= Soundhunters =

Official Film Poster

Soundhunters is a transmedia musical project created by Nicolas Blies and Stéphane Hueber-Blies (also known as the Blies brothers), Marion Guth, and François Le Gall. It was broadcast on the Franco-German channel Arte in 2015 and deployed internationally via Native Instruments and the music streaming platform SoundCloud.
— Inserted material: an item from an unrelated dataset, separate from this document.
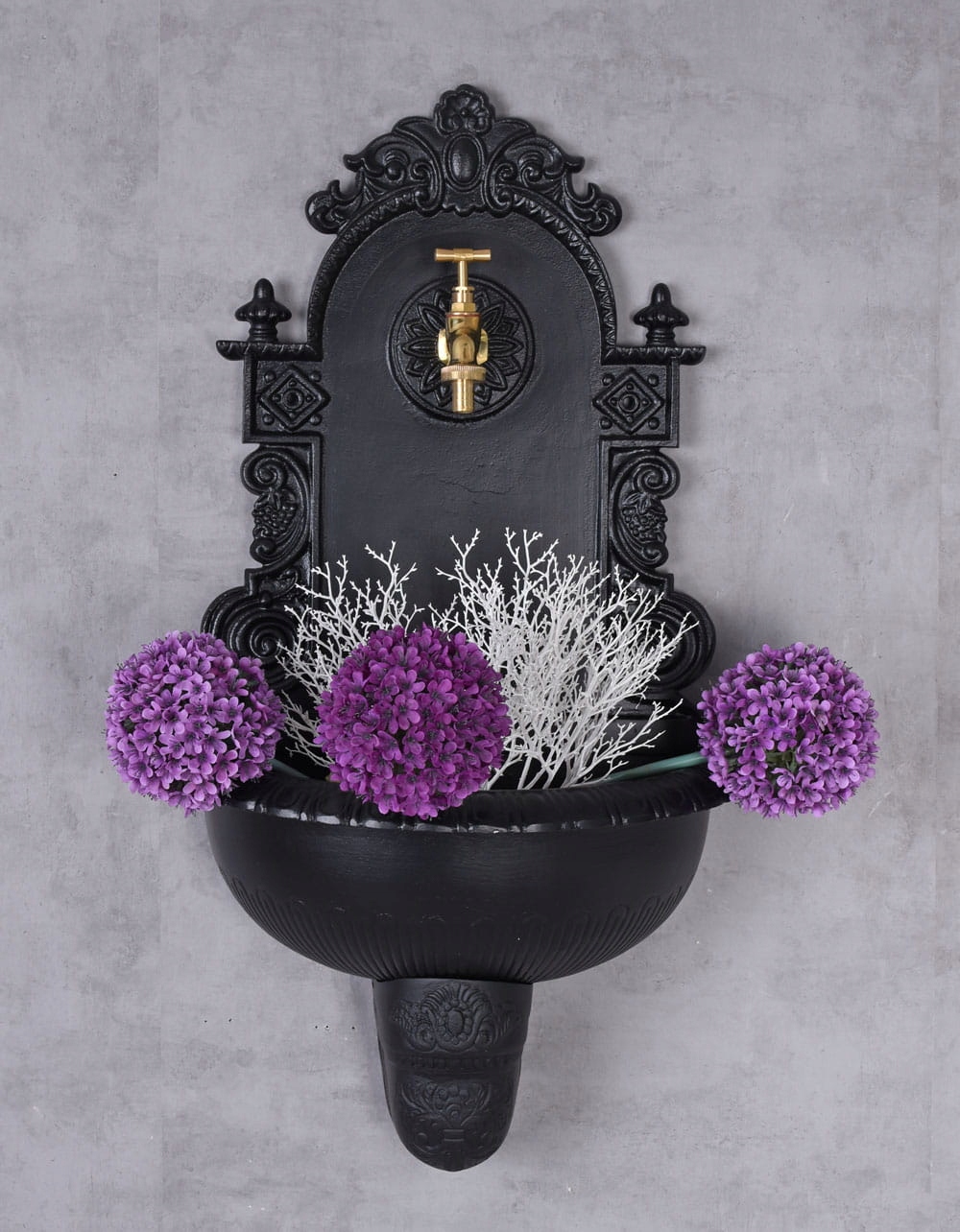 Садовый аквариум – это фантастический элемент садовой архитектуры. Он выполнен в стиле ренессанс, поэтому наверняка понравится всем любителям классических решений. Это изделие имеет красивый черный цвет, который достаточно универсален и прекрасно сочетается с другой садовой техникой. Садовая раковина изготовлена из материалов с лучшими качественными параметрами. К ним относятся алюминий и латунь, из которых сделан красивый кран. Садовый аквариум имеет богатый стиль и будет идеально смотреться в любом домашнем саду.

The project offers the audience the opportunity to remix the world around them through a creative, collaborative process. Soundhunters is composed of a feature-length documentary broadcast on Arte on 19 September 2015 (directed by Beryl Koltz), a web documentary featuring international artists (Daedelus, Luke Vibert, Mikael Seifu, Simonne Jones), a participatory mobile application, and a music album sponsored by Jean Michel Jarre, entitled Zoolook Revisited.

== History ==
Soundhunters was conceptualized by Nicolas Blies and Stéphane Hueber-Blies, François Le Gall, and Marion Guth of the Luxembourg production company a_BAHN. Openly inspired by the album Zoolook (1984) to which he pays tribute, Soundhunters was created to transform the world into an infinite musical instrument. The documentary approach offers the general public the opportunity to discover and explore the sampling technique: a sound technique that was at the heart of the Zoolook album's approach. Jean Michel Jarre explains: "The title "Zoolook" is what? It means observing the zoo of which we are each apart. That's the idea. So to take up this idea, to continue to develop it, is for me exactly what a creative work must generate, to make others want to continue. Once you have finished what you have done, it no longer belongs to you".

== The transmedia ==
Soundhunters was released in 2015 and consists of several media:

- A 52' feature-length documentary directed by Beryl Koltz (with the participation of Chassol, Matthew Herbert, Blixa Bargeld, Jean Michel Jarre, Matmos, Kiz, Joseph Bertolozzi). Broadcast on Arte on 19 September 2015. The film was then broadcast in several countries including Denmark, Holland, and NHK in Japan
- A web documentary featuring the creative sampling process involving 4 international artists (Simonne Jones, Mikael Seifu, Daedelus and Luke Vibert)
- A participatory tribute music album whose tracks were chosen by Jean Michel Jarre, entitled Zoolook Revisited
- Web and mobile applications (iOS and Android) for collaborative creation

== Awards ==
Soundhunters wins the FIPA d'Or for the best digital work in Biarritz in 2015. The transmedia project won also the Golden Panda "Grand Prix" and "The Most Innovative Experience" Golden Panda at the Sichuan Film Festival in 2015.

Soundhunters also won the Courrier International Prize for the best web documentary in 2016.

Soundhunters was also presented at the conference at SXSW and the NYFF Convergence (New York Film Festival) in 2016.